Trying to roll back fails since the deployment lock is still being held.

These commands get the deployment unstuck, so the operator can roll back to a previous version or correct the configuration:

bosh update-resurrection off
bosh ignore diego-cell/4abb639b-33a9-4d8d-8a95-21c3863c7b0c
bosh delete-vm vm-a4f6c259-c1f8-4b35-746e-f1db3359fad6

Once the deploy is complete run:

bosh update-resurrection on
bosh unignore diego-cell/4abb639b-33a9-4d8d-8a95-21c3863c7b0c

Inspecting VTEP configuration

The VXLAN tunnel endpoint can be inspected using the ip utility from the iproute2 package.

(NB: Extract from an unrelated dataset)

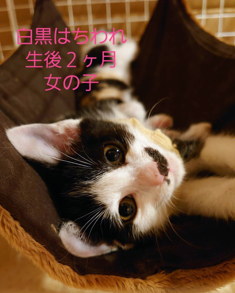 | 特徴(性格など) | 仮名はなちゃん 可愛い白黒の、はちわれさんひげ女子です、甘えん坊さんで遊ぶの大好きですよ。 ワクチン近い内に接種予定です 駆虫中 ノミダニ駆除済み エイズ白血病検査お母さん猫でしてます、共に陰性です。 |
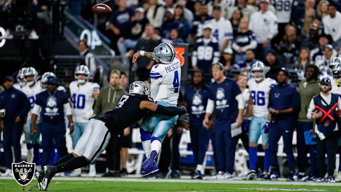 Prescott cerró con 268 yardas, cuatro touchdowns y un índice de pasador de 138.6. La defensa de los Raiders permitió más de 30 puntos por quinta vez en la temporada. Smith completó 27 de 42 pases para 238 yardas, fue capturado cuatro veces y lideró el equipo en yardas terrestres con apenas 14. Jeanty, su corredor de primera ronda, sumó solo siete yardas en seis acarreos.

From the Diego cell, install a recent version of iproute2 and its dependency libmnl:

curl -o /tmp/iproute2.deb -L http://mirrors.kernel.org/ubuntu/pool/main/i/iproute2/iproute2_4.3.0-1ubuntu3_amd64.deb
curl -o /tmp/libmnl0.deb -L http://mirrors.kernel.org/ubuntu/pool/main/libm/libmnl/libmnl0_1.0.3-5_amd64.deb
dpkg -i /tmp/*.deb

Then you can see details of the VTEP device by running

ip -d link list silk-vtep

which should resemble

3: silk-vtep: <BROADCAST,MULTICAST,UP,LOWER_UP> mtu 1410 qdisc noqueue state UNKNOWN mode DEFAULT group default
    link/ether ee:ee:0a:ff:17:00 brd ff:ff:ff:ff:ff:ff promiscuity 0
    vxlan id 1 local 10.0.32.15 dev eth0 srcport 0 0 dstport 4789 nolearning ageing 300 gbp

Note srcport 0 0 dstport 4789. The dstport PORT value is the external UDP port used by the VTEP for all encapsulated VXLAN packets. See the vtep_port on the silk-daemon job.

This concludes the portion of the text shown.